━━━ Data provided

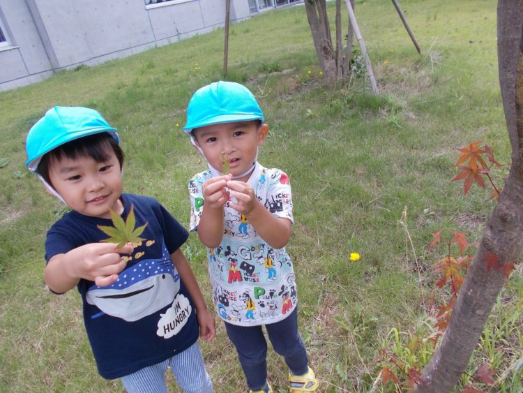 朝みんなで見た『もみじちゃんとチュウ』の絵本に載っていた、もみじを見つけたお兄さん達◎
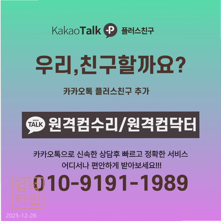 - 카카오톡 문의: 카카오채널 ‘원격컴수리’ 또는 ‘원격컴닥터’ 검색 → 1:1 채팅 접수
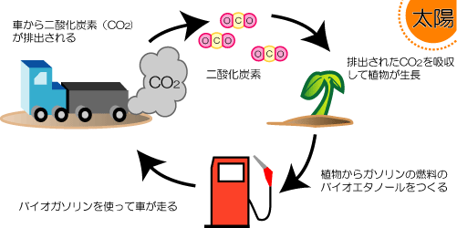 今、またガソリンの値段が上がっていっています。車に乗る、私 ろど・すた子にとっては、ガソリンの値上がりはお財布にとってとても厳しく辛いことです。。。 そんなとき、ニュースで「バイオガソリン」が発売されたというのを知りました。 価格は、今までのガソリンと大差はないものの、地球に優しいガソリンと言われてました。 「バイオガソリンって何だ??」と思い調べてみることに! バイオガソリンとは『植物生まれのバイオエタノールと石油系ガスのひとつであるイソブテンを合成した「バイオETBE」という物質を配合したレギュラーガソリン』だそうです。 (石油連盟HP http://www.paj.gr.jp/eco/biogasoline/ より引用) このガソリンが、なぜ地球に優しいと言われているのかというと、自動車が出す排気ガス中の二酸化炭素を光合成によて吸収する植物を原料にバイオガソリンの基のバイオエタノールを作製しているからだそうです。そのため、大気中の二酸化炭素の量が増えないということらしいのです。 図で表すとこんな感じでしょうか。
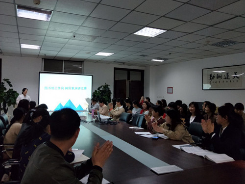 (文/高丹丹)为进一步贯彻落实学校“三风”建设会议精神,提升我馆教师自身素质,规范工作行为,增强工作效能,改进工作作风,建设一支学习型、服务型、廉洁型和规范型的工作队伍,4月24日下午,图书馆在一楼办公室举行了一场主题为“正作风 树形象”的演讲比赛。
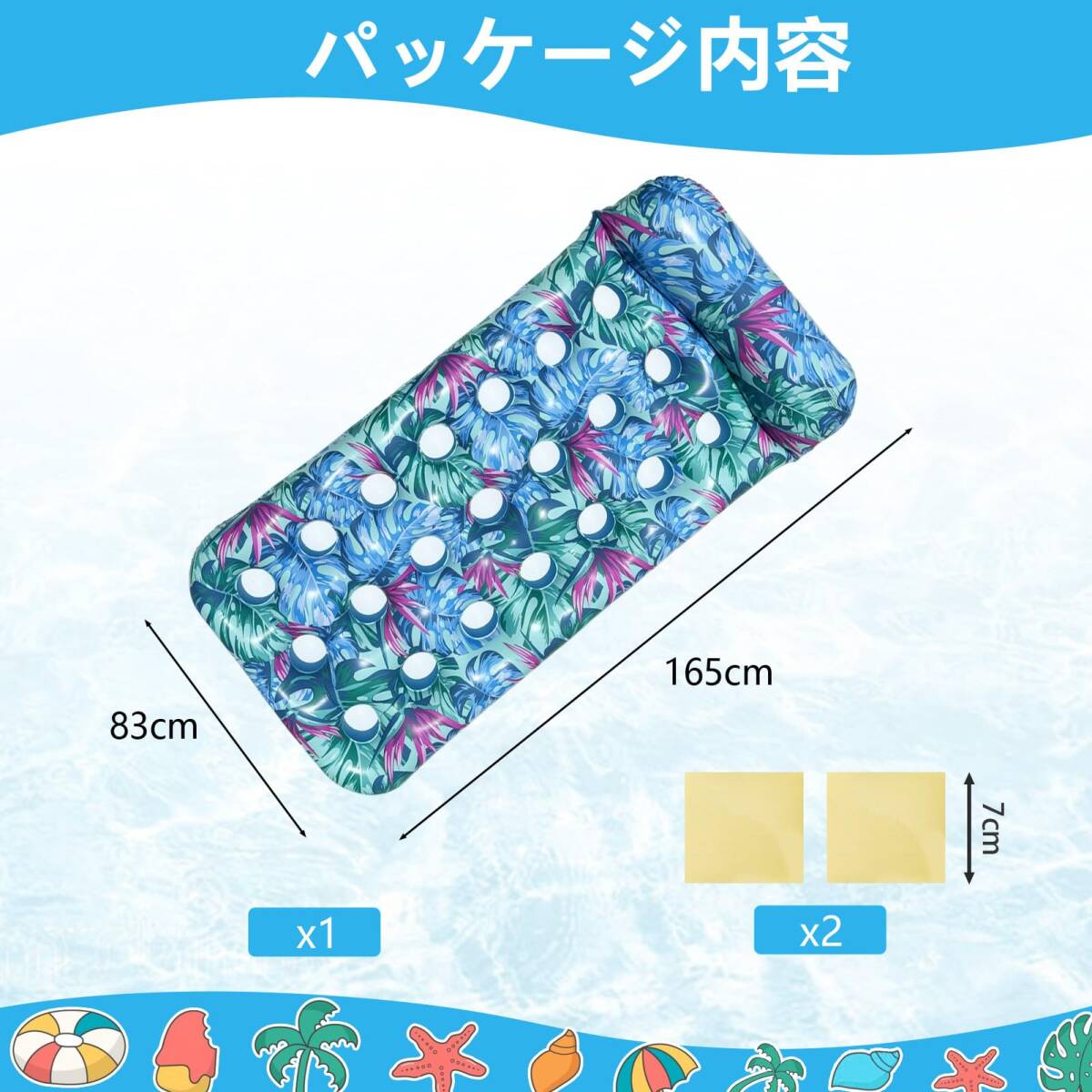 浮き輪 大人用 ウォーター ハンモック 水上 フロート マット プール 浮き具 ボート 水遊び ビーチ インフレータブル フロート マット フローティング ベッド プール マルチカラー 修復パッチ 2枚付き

━━━━━━

Go through the material above and retype every line exactly, without the images.

- [Answer space]:
 朝みんなで見た『もみじちゃんとチュウ』の絵本に載っていた、もみじを見つけたお兄さん達◎
 - 카카오톡 문의: 카카오채널 ‘원격컴수리’ 또는 ‘원격컴닥터’ 검색 → 1:1 채팅 접수
 今、またガソリンの値段が上がっていっています。車に乗る、私 ろど・すた子にとっては、ガソリンの値上がりはお財布にとってとても厳しく辛いことです。。。 そんなとき、ニュースで「バイオガソリン」が発売されたというのを知りました。 価格は、今までのガソリンと大差はないものの、地球に優しいガソリンと言われてました。 「バイオガソリンって何だ??」と思い調べてみることに! バイオガソリンとは『植物生まれのバイオエタノールと石油系ガスのひとつであるイソブテンを合成した「バイオETBE」という物質を配合したレギュラーガソリン』だそうです。 (石油連盟HP http://www.paj.gr.jp/eco/biogasoline/ より引用) このガソリンが、なぜ地球に優しいと言われているのかというと、自動車が出す排気ガス中の二酸化炭素を光合成によて吸収する植物を原料にバイオガソリンの基のバイオエタノールを作製しているからだそうです。そのため、大気中の二酸化炭素の量が増えないということらしいのです。 図で表すとこんな感じでしょうか。
 (文/高丹丹)为进一步贯彻落实学校“三风”建设会议精神,提升我馆教师自身素质,规范工作行为,增强工作效能,改进工作作风,建设一支学习型、服务型、廉洁型和规范型的工作队伍,4月24日下午,图书馆在一楼办公室举行了一场主题为“正作风 树形象”的演讲比赛。
 浮き輪 大人用 ウォーター ハンモック 水上 フロート マット プール 浮き具 ボート 水遊び ビーチ インフレータブル フロート マット フローティング ベッド プール マルチカラー 修復パッチ 2枚付き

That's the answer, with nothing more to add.